I'm wondering whether or not there are any resources available which deal with the number of distinct paths along a graded poset. I am relatively new to this area so I don't know if this is an interesting question to ask in the first place. But I've found some fairly interesting sequences from counting these paths on various posets, so I was curious as to whether this has been studied.
Edit: Here is an example: https://oeis.org/A002846.
The topic comes up in Richard Stanley's Enumerative Combinatorics Volume 1, chapter 3. Edition 2 is freely available: http://math.mit.edu/~rstan/ec/ec1.pdf
Regarding examples, there are many. Consider the poset of an $(n+1)$-by-$(k+1)$ grid ordered by $(x,y) \leq (x',y') \iff x \leq x' \text{ and } y \leq y'$ graded by $\rho(x,y) = x + y$. The number of paths from $(0,0)$ to $(n,k)$ is $\binom{n+k}{k}$.

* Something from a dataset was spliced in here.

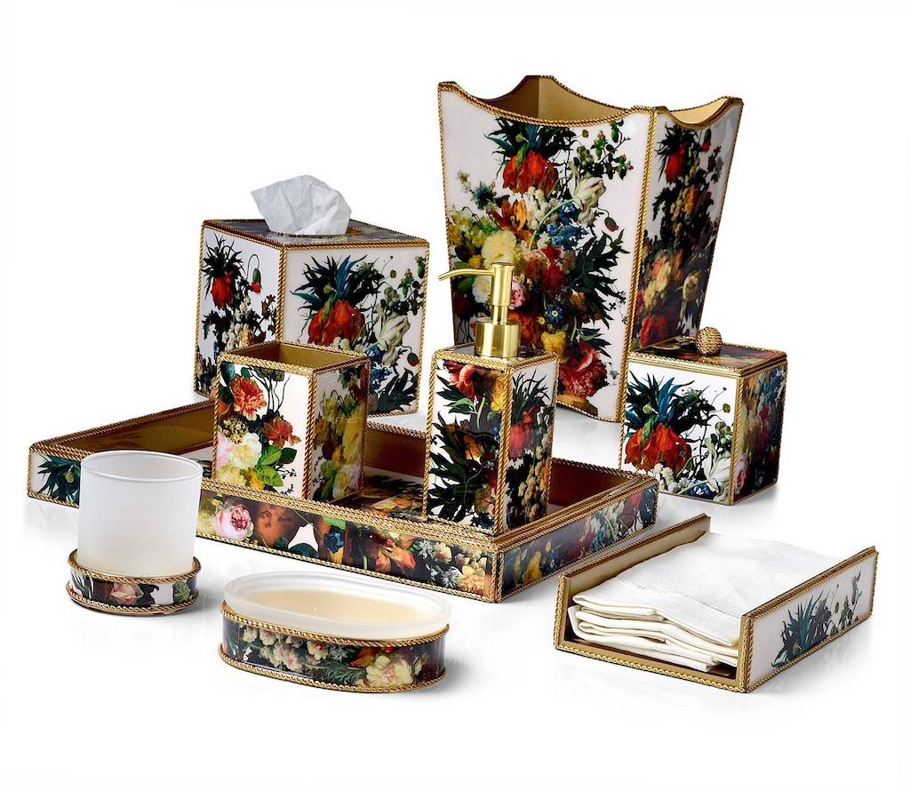 Mike + Ally's Bouquet Luxury Bath Accessories are breathtaking. Wake up each morning to gorgeous blooming flowers. This refreshing collection is hand built using a digital print and clear coat enamel finish. It is then accented with gold or silver French twist chain. Simply breathtaking. Mike + Ally products are handcrafted by artisans. Small irregularities in shape, surfaces and finishes are hallmarks of such craftsmanship and are not defects.

For an $(n+1)$-by-$(n+1)$ grid without points below the diagonal, using the same order and grading as in the previous example, the number of paths from $(0,0)$ to $(n,n)$ is the $n$-th Catalan number.
The number of paths from bottom to top in the Boolean lattice is $n!$.

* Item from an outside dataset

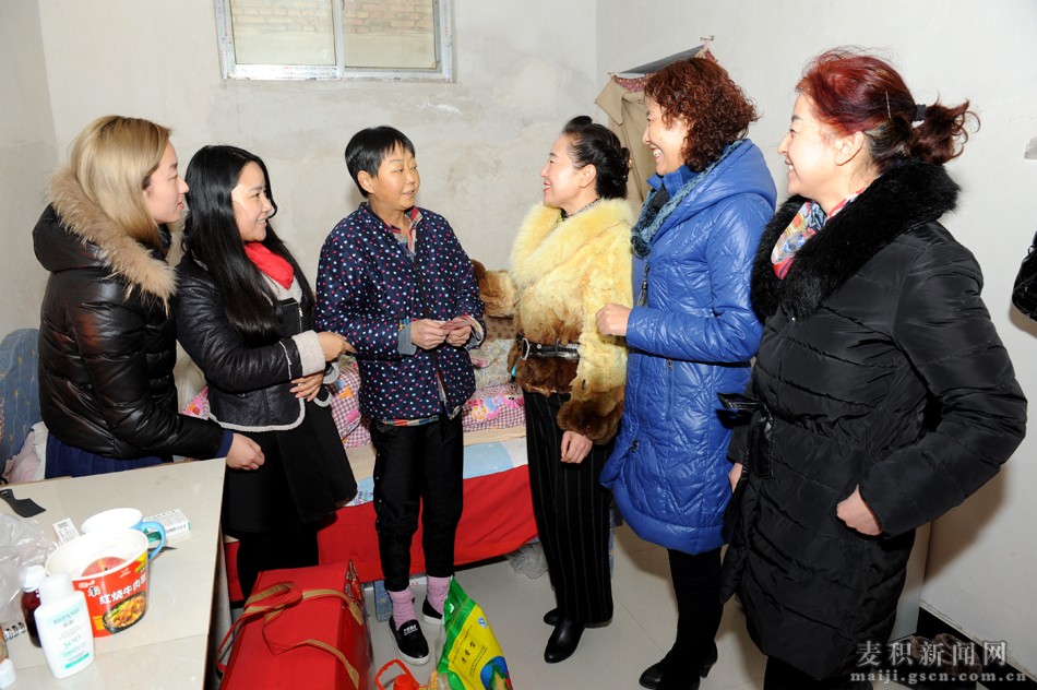 12月20日,麦积区妇联工作人员和渭水情·智慧星爱心公益团队的巾帼志愿者来到马跑泉镇大沟村看望慰问因病致困的特困妇女张爱红,为她送去了弹花被、大米、食用油、慰问金和爱心捐款,祝她身体早日康复、过平安祥和的元旦和新春佳节。

For general facts, there are some nice theorems. For example, a distributive lattice and the poset of antichains in such a lattice are closely related. The number of maximal chains (ie paths) in a distributive lattice is the same as the number of linear extensions of the poset of antichains.
For a graded poset with unique top and bottom element, let $f(v)$ be the number of maximal chains from the bottom to vertex $v$. If $w_1,\ldots,w_k$ are predecessors of $v$, then $f(v) = f(w_1) + \cdots + f(w_k)$. Thus, even when there isn't a nice formula, the number of maximal chains in such a graded poset can be counted recursively.